今回は、Wordでポスターやチラシ、あるいは見出しの文字などをデザインする際に、文字と文字の間の隙間を微調整して美しく見せる「カーニング(文字間隔の調整)」のテクニックについて紹介します。
文字間隔(カーニング)とは
Wordで文章を打ち込んでいると、文字の形によっては、隣り合う文字との間に不自然な隙間が空いてしまうことがあります。例えば、「T」と「o」、あるいは「W」と「a」のようなアルファベットの組み合わせや、日本語の「「(カギカッコ)」や「。」(句読点)の前後などが代表的です。
この不自然な隙間を詰めて、文字列全体のバランスを均等に美しく見せるための調整作業を、デザイン用語で「カーニング」と呼びます。Wordの標準機能でも、この文字間隔の調整を細かく行うことが可能です。
文字間隔を広げる・狭くする基本操作
一部の文字だけ、あるいはタイトル全体の文字間隔を均等に広げたり狭めたりする基本的な手順です。
- 間隔を調整したい文字(複数可)をマウスでドラッグして選択します。
- 「ホーム」タブを開き、「フォント」グループの右下にある小さな矢印(ダイアログボックス起動ツール)をクリックします。
- 「フォント」ダイアログボックスが開いたら、上部の「詳細設定」タブを選択します。
- 「文字間隔」というドロップダウンリストから、「広く」または「狭く」を選択します。
- その右側にある「間隔」のボックスに、広げたい(または狭めたい)数値をポイント(pt)単位で入力し、「OK」をクリックします。
例えば、タイトルを横幅いっぱいに広げて堂々と見せたい場合は「広く」にして「5
pt」などに設定し、逆に文字が間延びしているのをキュッと引き締めたい場合は「狭く」にして「1 pt」などに設定します。
特定の文字の組み合わせだけを自動調整する
タイトルなどの大きな文字では不自然な隙間が目立ちやすいため、Wordには特定の欧文フォントの組み合わせ(「Wa」など)の隙間を自動的に詰めてくれる機能が備わっています。
カーニングの自動設定をオンにする
- 「フォント」ダイアログボックスの「詳細設定」タブを開きます。
- 「カーニングを行う」というチェックボックスにチェックを入れます。
- 右側の「現在のサイズ以上の文字」というボックスに、カーニングを適用させたい最小のフォントサイズを入力します。(例:見出しだけに適用したい場合は「14」など)
この設定を有効にしておくと、Wordが自動的に文字の形状を判断し、重ならないギリギリの美しいバランスまで間隔を詰めてくれます。

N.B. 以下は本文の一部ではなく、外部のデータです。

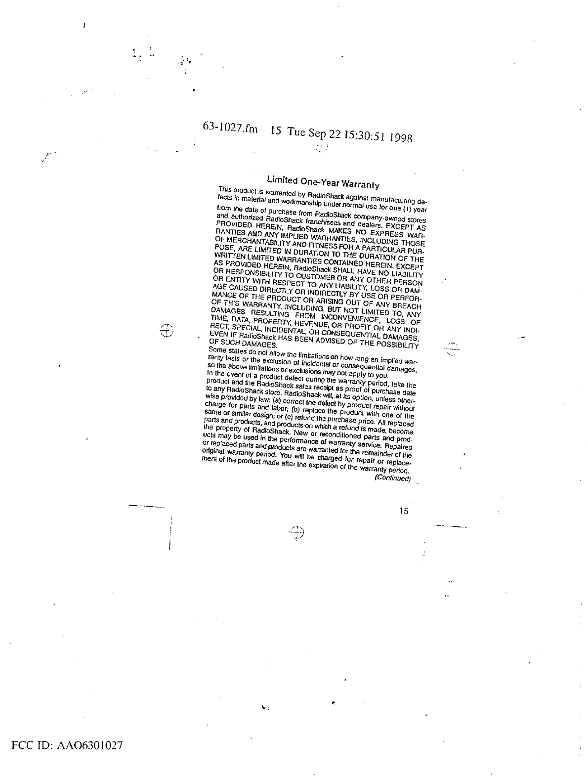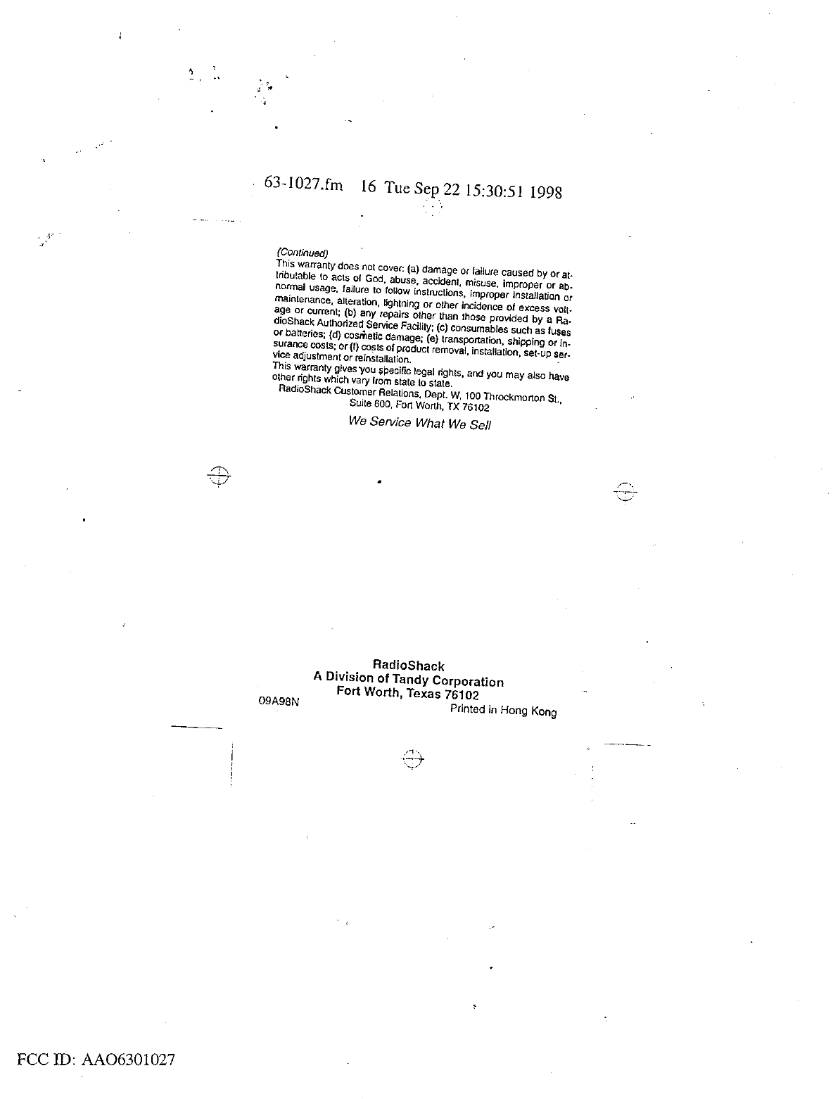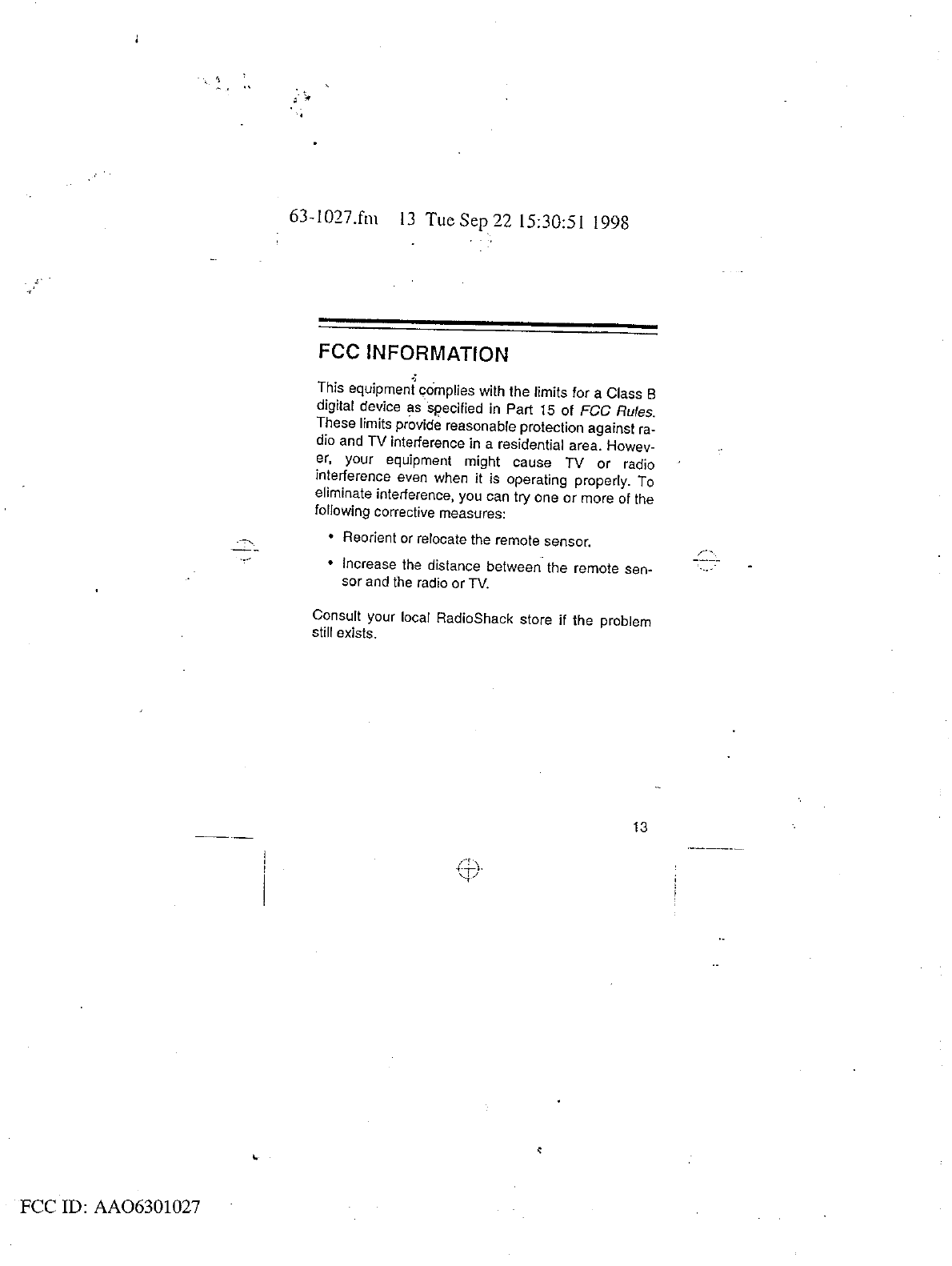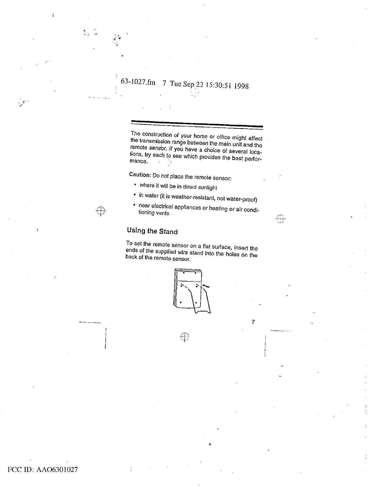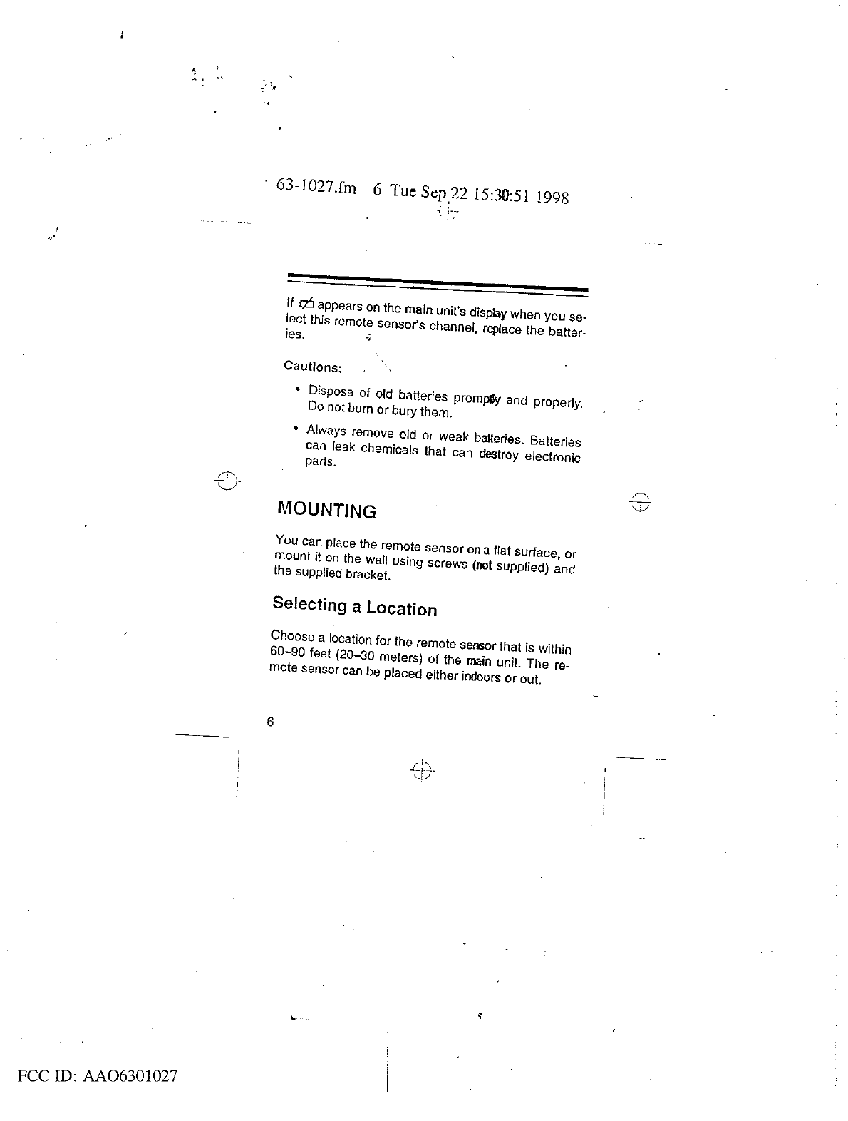 Radio Shack 6301027 WIRELESS REMOTE THERMOMETER SENSOR User Manual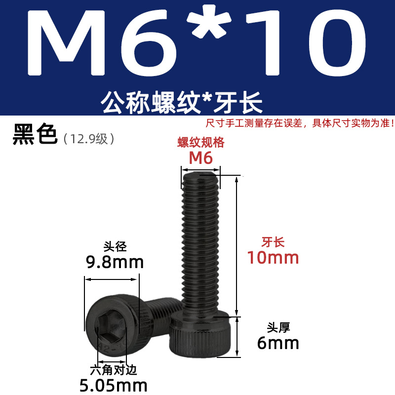 • 육각 소켓 볼트 M6*10 검정색(레벨 12.9)
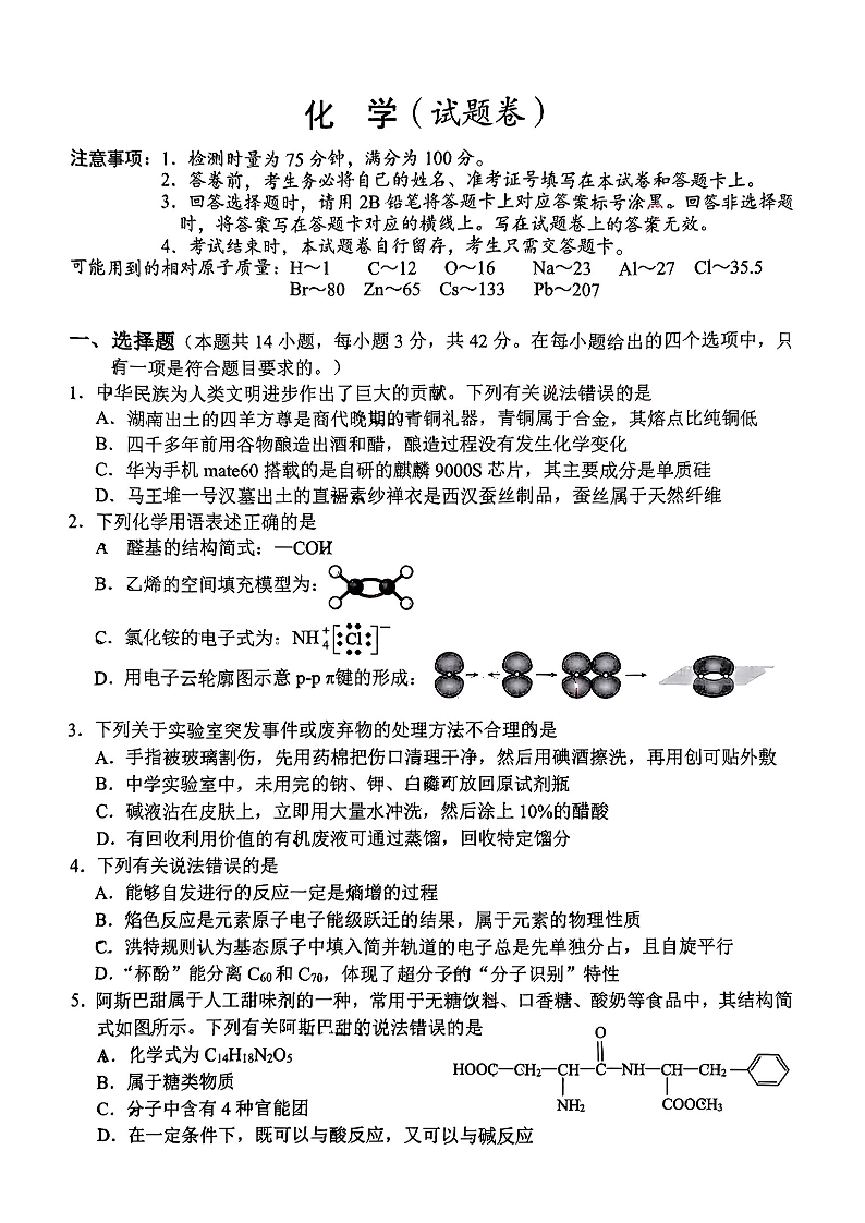 湖南省益阳市2025届高三9月教学质量检测 化学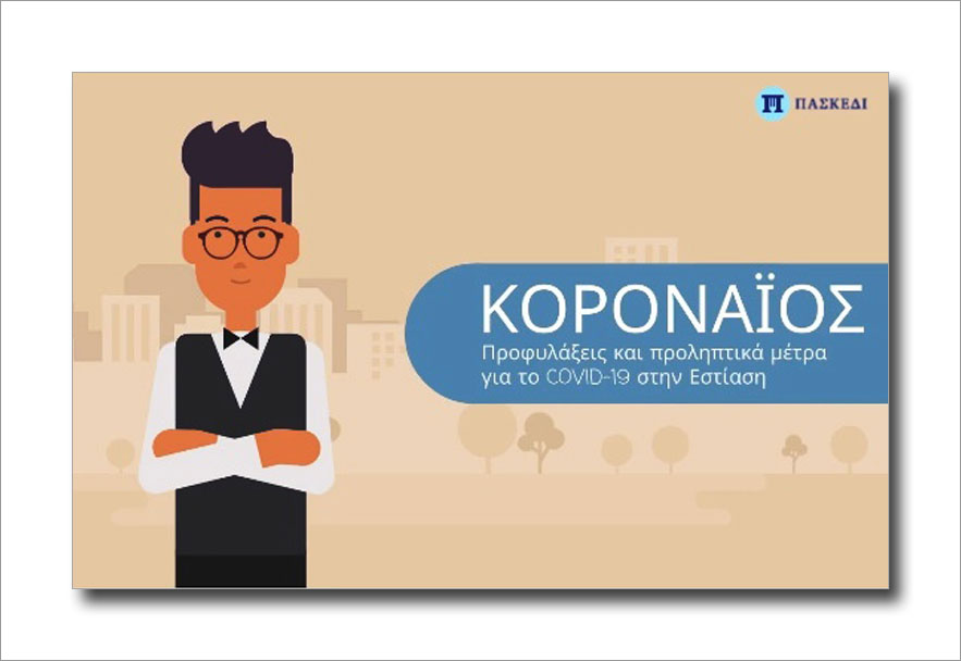 Το Πανελλήνιο Σωματείο Καταστημάτων, Καταναλωτών, Εστίασης και Διασκέδασης (ΠΑΣΚΕΔΙ) παρουσιάζει σε βίντεο πρακτικούς κανόνες πρόληψης από τον κορωνοϊό για εστιατόρια.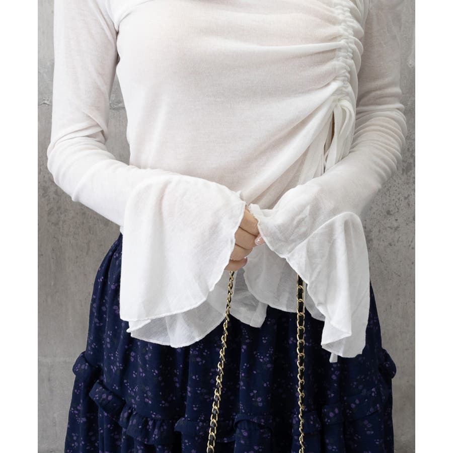 袖口のフレアスリーブが華やかな印象を添え、手元まで女性らしさを演出する一枚。

特にアルファベットを多用するデザインでは、このチェックを入れるだけで見栄えが劇的に良くなります。
日本語の句読点やカッコの隙間を調整する
アルファベットだけでなく、日本語の文章でも、行頭の「「」や、行末の「。」が連続した時に、余計な空白が生まれてしまうことがあります。
文字の配置(文字幅と間隔)の設定
日本語特有の記号の隙間を調整するには、段落の設定を使用します。
- 調整したい段落を選択します。
- 「ホーム」タブの「段落」グループの右下にある矢印をクリックし、「段落」ダイアログボックスを開きます。
- 「体裁」タブを選択します。
- 「文字の配置」や「文字幅と間隔」という項目を確認します。
ここにある「日本語と英数字の間隔を自動調整する」や「日本語と数字の間隔を自動調整する」のチェックを外すと、Wordが勝手に開けていた隙間がなくなり、文字が等間隔で並ぶようになります。また、句読点などのぶら下がり(行末からはみ出させる設定)もこのタブで細かく制御できます。
まとめ
Wordでの文書作成において、文字間隔(カーニング)は、少しの調整で全体のプロフェッショナル感を大きく引き上げることができる重要な要素です。特に、大きな文字で構成されるタイトルや見出し、ポスターのデザインなどでは、文字と文字の間の「余白のバランス」が印象を左右します。フォントダイアログの詳細設定から「間隔の数値指定」や「自動カーニング」を使いこなして、文字の美しさにこだわった資料作りに挑戦してみてはいかがでしょうか。